Having forked out the princely sum of £1 each, we boarded the 10.07 train for the short ride down past the Pencil and yacht haven, and through the famous Fairlie tunnel.
Having no kind of engineering brain, I always marvel at how, in the early 1880s, the engineers of the day managed to construct this tunnel, not just for the distance of over 1000 yards, but with such a significant difference in elevation between the north and south portals (mind you, the engineer in our party hadn’t even realised that we had been through a tunnel…..)
From Fairlie Station, we wended our way up the Fairlie Burn, round the castle, currently in the process of a major restoration (though being experts in such matters, we all agreed that it was really a Tower House), crossed the burn and strode manfully over the hillside, enjoying lovely views along the way.
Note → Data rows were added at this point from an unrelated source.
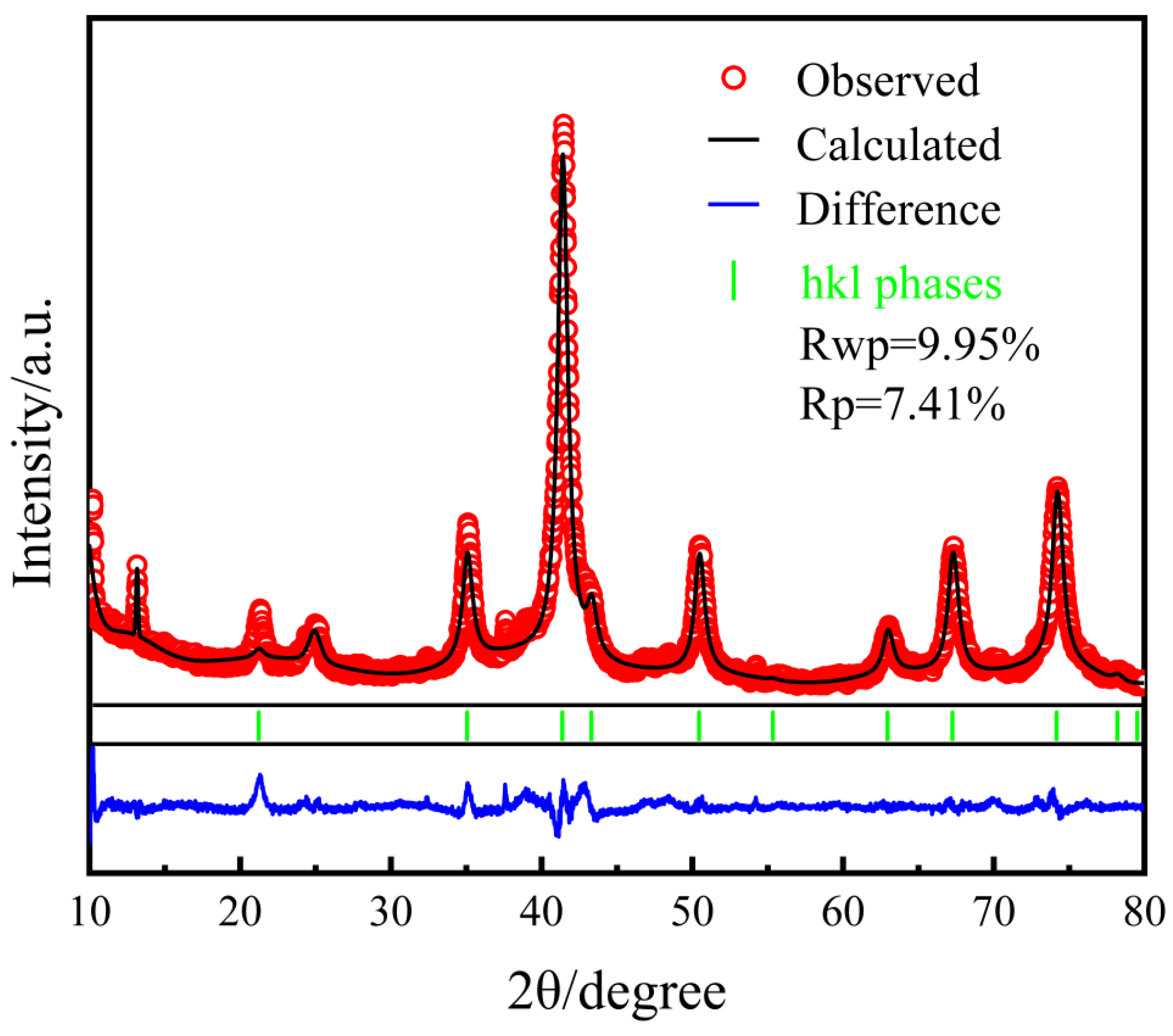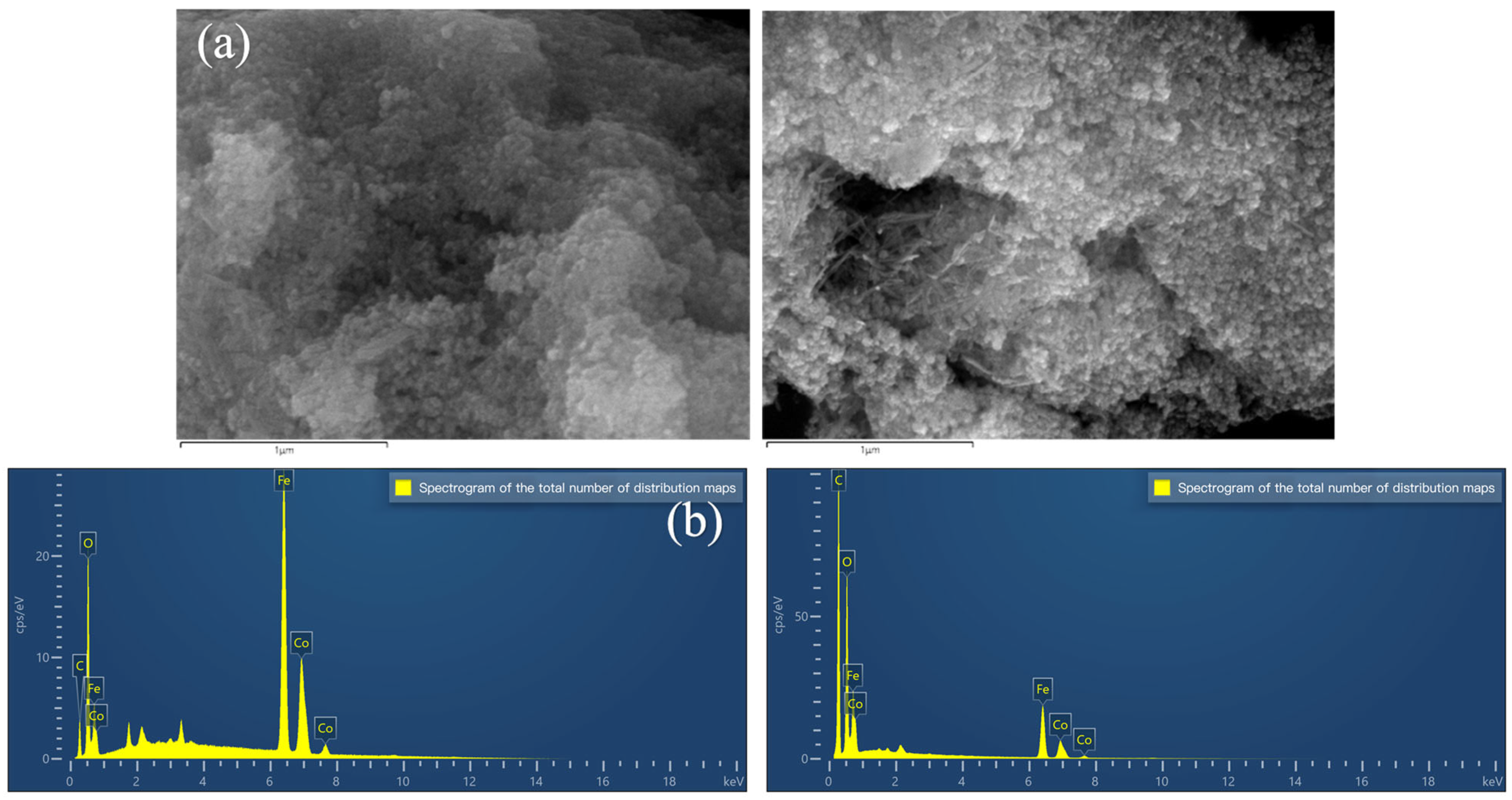 - The present study employs the coprecipitation method to integrate cobalt and iron into porous, high-surface-area CMC precursors at a Co:Fe ratio of 7:3, thereby constructing high-quality soft magnetic FeCo materials with iron–cobalt alloys. SEM and XRD characterizations reveal that the prepared FeCo sample exhibits the characteristic peaks of soft magnetic iron–cobalt alloy materials and a typical solid solution structure. Its abundant pore structure is conducive to the surface and pore adsorption of polyethylene microplastics.
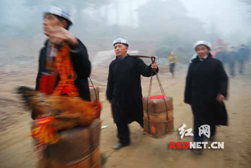 天還沒亮,新郎唐德武家的迎親隊(duì)伍便抬著花轎前往十多里外的銅錢坪村迎接新娘,和普通婚禮不同的是新郎并不在迎親隊(duì)伍中,帶隊(duì)的是花瑤婚嫁風(fēng)俗中特有的“媒人公”。在距離新娘家不遠(yuǎn)的地方擺下有辟邪含義的“五子飛棋”之后,三道攔門酒成了“媒人公”必須通過的考驗(yàn)。對歌、打蹈(新娘家的女性跳坐在媒人公膝蓋上)、打泥巴(將田里剛挑來的泥巴涂抹在“媒人公”身上),每個花瑤婚嫁元素都按照傳統(tǒng)習(xí)俗上演。一把由“媒人公”帶來、被新娘家掛上繡球的花傘是花瑤婚俗中最有特色的信物,它象征著新娘將自己的愛情隨著花傘送到新郎手中。
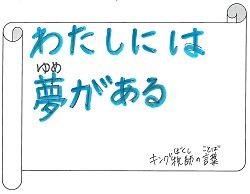 自由で平等な社会を目指し、差別をなくすために粘り強い運動をすすめたキング牧師の言葉です。キング牧師の夢は"誰もが平等に仲良く過ごせる社会になること"。あなたの夢は何ですか?
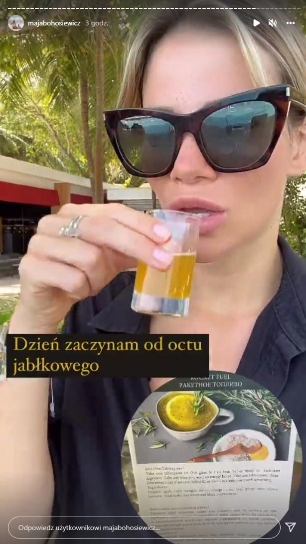 Teraz za jej przykładem postanowiła pójść starsza siostra – Sonia Bohosiewicz. Na swoim Instagramie zaprezentowała trend podpatrzony u Mai, a konkretniej picie octu jabłkowego na czczo zaraz po przebudzeniu. Jak możemy wyczytać w internecie, roztwór zawierający 1-2 łyżki octu jabłkowego należy pić 20 minut przed posiłkiem. Picie roztworu ma wiele pozytywnych efektów przy leczeniu różnych schorzeń oraz wspomaga chudnięcie. Nie powinny go jednak stosować osoby, które cierpią na przewlekłe choroby związane z układem pokarmowym i żołądkiem oraz wątrobą. Czyżby Sonia Bohosiewicz należała właśnie do tej kategorii? Zaczęło się niewinnie, na pierwszym filmiku pokazała jak bierze łyk “magicznego” napoju i tłumaczy skąd wzięła pomysł:
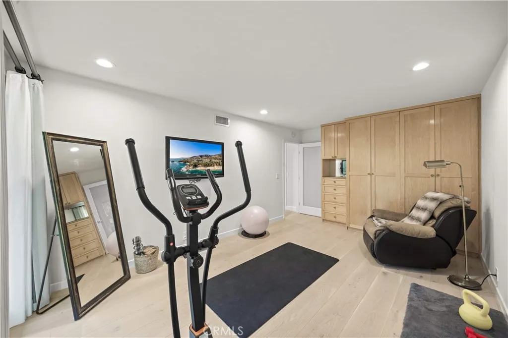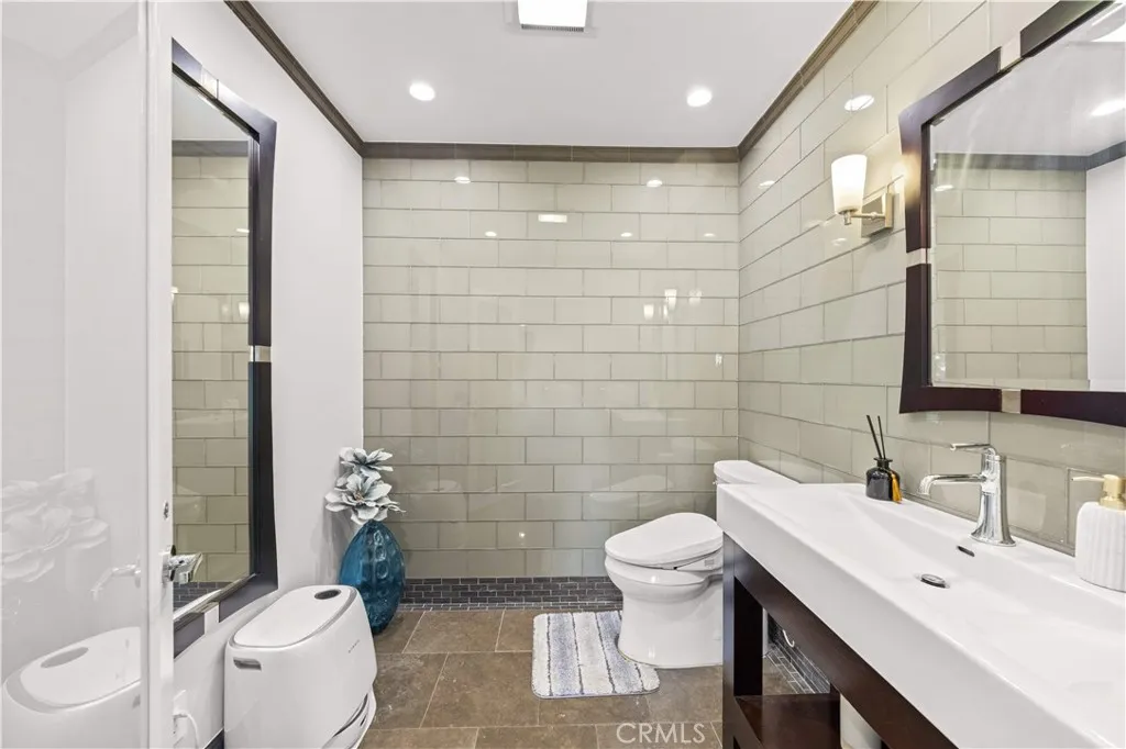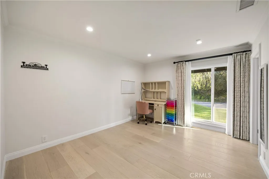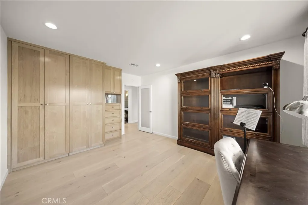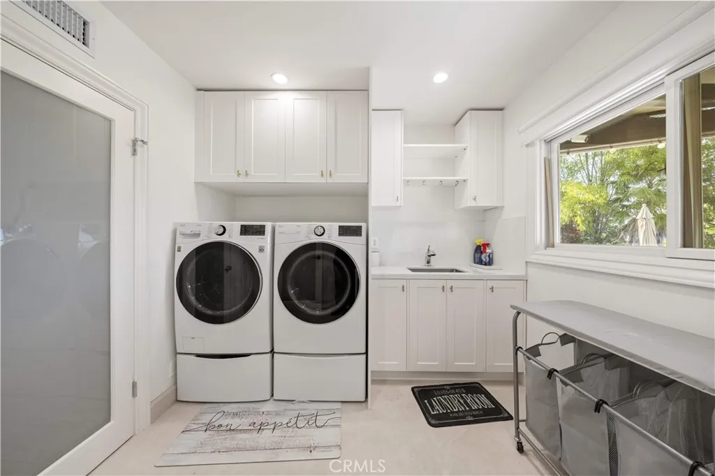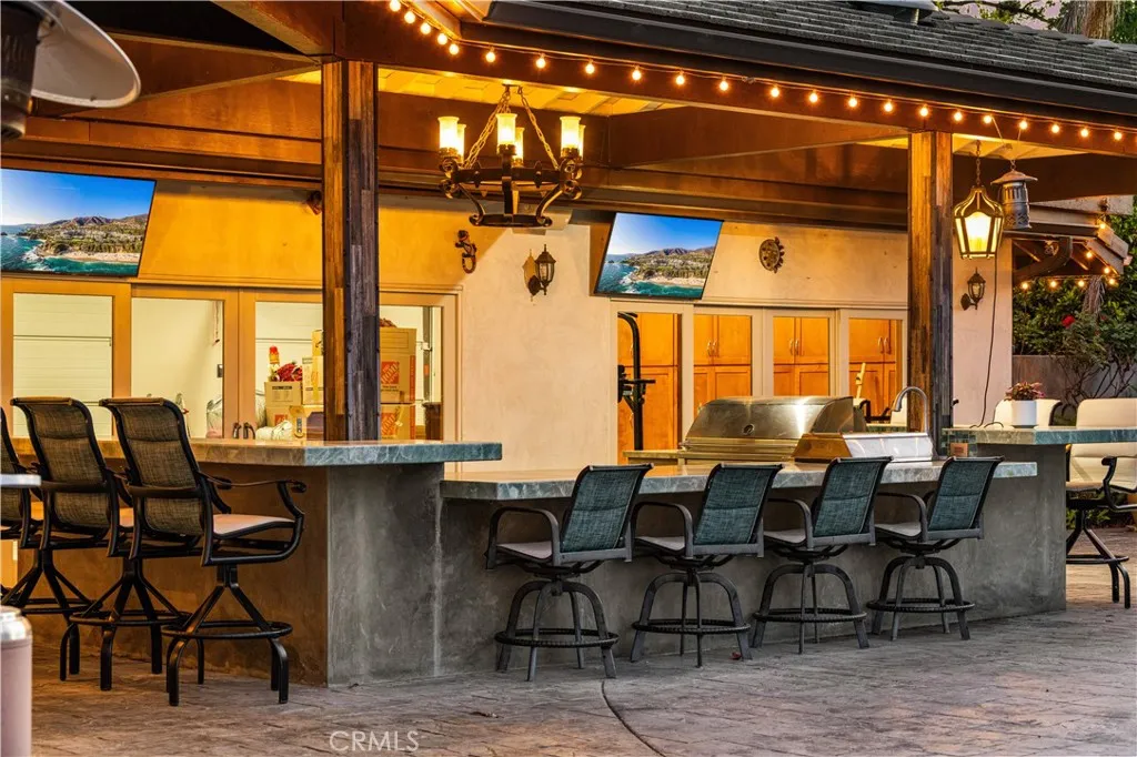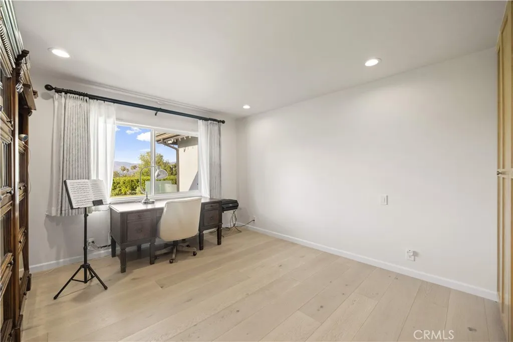 Located on a quiet cul-de-sac in the Encino Hills, this single-story residence offers 5 bedrooms and 5 bathrooms across approximately 3,775 sqft, set on an expansive flat lot of about 17,000 sqft with sweeping city and mountain views. The home features a functional single-level floor plan with main living areas at the center and separate bedroom wings for privacy. Upon entry, open sightlines extend through the living area to the backyard, enhanced by vaulted ceilings, clean lines, and expansive sliding doors that bring in natural light. The living room includes a double-sided fireplace and connects seamlessly to the dining area and kitchen. The updated kitchen features a large center island, stone countertops, and high-end appliances including a 48 Sub-Zero refrigerator, Wolf range, and Cove dishwasher. The primary suite offers direct access to a private patio, along with a remodeled spa-style bathroom and walk-in closet. A guest suite near the garage includes a dressing area and full bath, ideal for guests or extended living. Upgrades include updated plumbing and drainage, new water heater, remodeled bathrooms with Kohler fixtures, solid wood flooring in bedrooms, whole-house water filtration, Nest-controlled HVAC, upgraded network wiring, and a comprehensive security system. The backyard offers a rare flat hillside setting with panoramic valley views, a pool and spa, built-in BBQ, multiple seating areas, and a private sport court suitable for pickleball. No HOA or Mello-Roos. A rare opportunity for refined single-story living in a prime Encino Hills location.
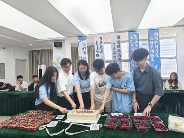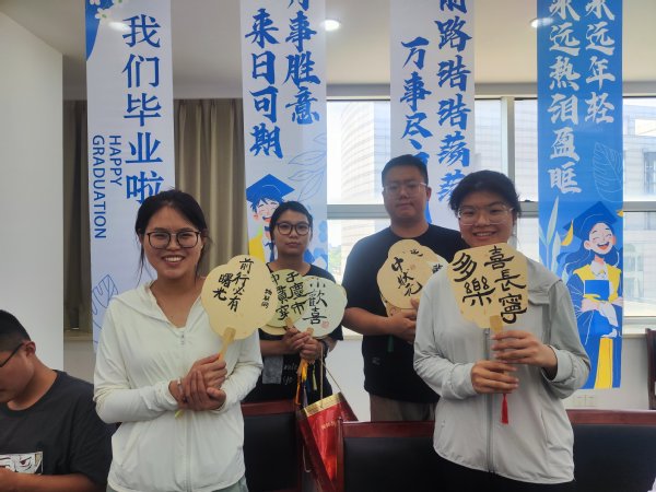 欢送会现场气氛热烈而温馨,领导们与毕业生们共同切下祝福蛋糕,寓意着毕业生们的人生之路将如蛋糕般甜美圆满。合影留念后,书法协会的同学们为毕业生们送上团扇祝福,毕业生们也为学弟学妹们留下了一封封满载深情的信件,传递着他们最真挚的祝福和期望。
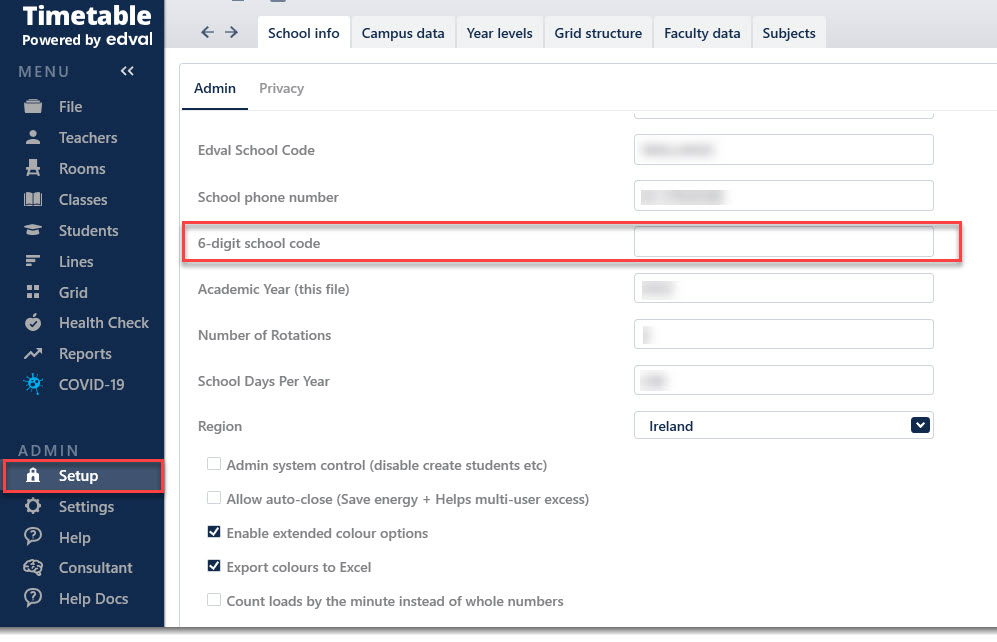 Make sure that your six-character school code is displaying correctly. Please go to Setup > School info > Admin.

We forded the Southannan Burn and continued round the base of Diamond Hill, after which our manful striding degenerated into stumbling and clambering through deeply rutted mud tracks.
Luckily the hallucinatory images of the Battle of the Somme no-man’s land, the rattle of machine gun fire and exploding shells turned out to be forestry operations, and we stumbled out of the mud to reach the safety of the Fairlie Moor Road.
It was all downhill from here – literally, not metaphorically – to finish with an excellent Cullen Skink at the Catch at Fins seafood restaurant.
PS They would have got the bus back, but just missed one, so got a lift!
For those of you who wish to venture further afield: There are several routes through the Totara Valley and Raincliff back to Fairlie, but in South Island, New Zealand. The best involves a stop at the Opihi Vineyard Cafe for a relaxing lunch in a gorgeous setting and near New Zealand’s best-preserved Maori Rock Art and fantastic limestone rock formations.